Страница 3 из 15
– Все как есть расскажу, товарищччи,– запричитал Хрюкин.– С повинной еще вчерась сам собирался, да вот не поспел. Верьте мне, гражданы товарищччи. Как на духу, вот супружница моя – Маня… знат.
– Что "знат" Маня?– оборвал его Михаил.– Как ты Родину немцам продал?
– Ни боже ж мой. Не продавал. Христом Богом. Государство обманул, ворованное скупал, Родину ни боже мой,– стоящий на коленях Хрюкин – мужчина на вид лет сорока, склонил плешивую голову, уставившись покаянно в пол.
– Это мы знаем. Сынок ваш где, гражданин Хрюкин?
– В армии сынуля, товарищчч. Уже два месяца, как призвали. Он не при делах. Мы ему ни че тако… Служит Родине. Как позвала, так и побежал в военкомат. Нынче с утра забегал на минутку. На фронт Артюшу отправляют. Попрощаться, стал быть, отпустили. Обнял родителев, всплакнул геройски, да и побег. Пади уже в атаку комиссар поднимает,– пригорюнился Хрюков, а Хрюкова рядом с ним запричитала:
– Кровинушка наша-а-а-а-а!
– Заткни Маню, Макарка,– приказал Михаил и Маня, получив тычок локтем от супруга в толстый бок, икнула испуганно и притихла.

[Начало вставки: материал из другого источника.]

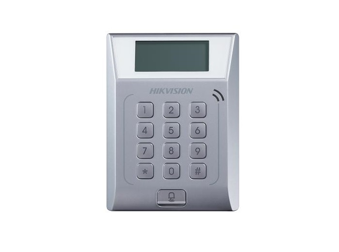 Cititor de proximitate standalone pentru carduri EM cu tastatura si sonerie, autentificare pe baza de card / card si parola, max. 3,000 carduri, max. 10,000 evenimente inregistrate, comunicare TCP/IP, procesor 32 biti, 13 taste (0-9, *, #, sonerie), ecran STN cu rezolutie 128x64 pentru afisarea orei, datei si saptamanii, indicator LED pentru comunicare/status, beeper, tensiune alimentare 12 VDC, temperatura / umiditate operare -20°C ~ +65°C / 10-90% RH, dimensiuni 126.5(L) x 94.5(W) x 24(H)mm

– Номер части?– продолжил Михаил допрос и Хрюкин полез в карман френча. Достав лист бумаги, он развернул его и назвал номер полевой почты.
– Хрюкин Артур Макарович. Проверим. А что нам с вами делать, господа хорошие? Сдать в ментовскую, пусть крутят, вертят? Мы скупщиками краденого не занимаемся. Товарищ капитан, вызовите наряд,– Сергей козырнул и выскочил из комнаты. Вернулся он через пять минут с двумя бойцами ОМСБОНА. Передав им задержанных и папку с чистосердечным признанием Хрюкина, Михаил приказал бойцам отконвоировать бывших работников Общепита в ближайшее отделение милиции.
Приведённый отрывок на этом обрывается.